» **What the task requires**
Word for word, quote the lines from the one containing "Leveling rice fields" to the end of the entries below, including both. Leave pictures out.

» **Supplied data**
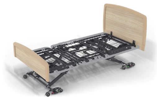
1050mm WIDTH ADJUSTMENT
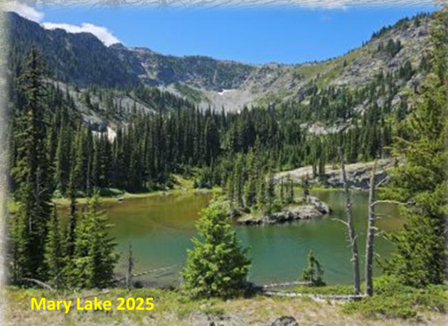
Mary Lake 2025

Follow the same route out that you took to get to Mary Lake but do take the time to go to the top of Ward Peak, either on your way in or out of Mary Lake. The peak is one of the tallest for this area of the state line and has some very good views. There are remnants of the lookout tower (cabin) that sat there years ago. You can also take the primitive trail from Mary Lake to trail 280, then up 280 to trail #250 and back to the Ward Peak Trailhead.
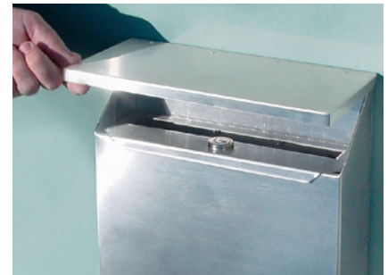
#4520 with optional security kit (#4521) displayed
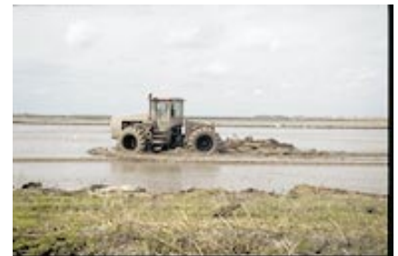
Leveling rice fields in preparation for planting can result in periodic discharges of high-turbidity and high-nutrient water into surrounding waterways. The Acadian-Pontchartrain Study Unit contains over 400,000 acres of rice fields.
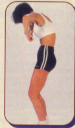
Side view form check

Form check: Notice how much the elbows are forward and at shoulder height. Also, thumbs point toward armpits.

» **Reply to the task**
Leveling rice fields in preparation for planting can result in periodic discharges of high-turbidity and high-nutrient water into surrounding waterways. The Acadian-Pontchartrain Study Unit contains over 400,000 acres of rice fields.
Side view form check

Form check: Notice how much the elbows are forward and at shoulder height. Also, thumbs point toward armpits.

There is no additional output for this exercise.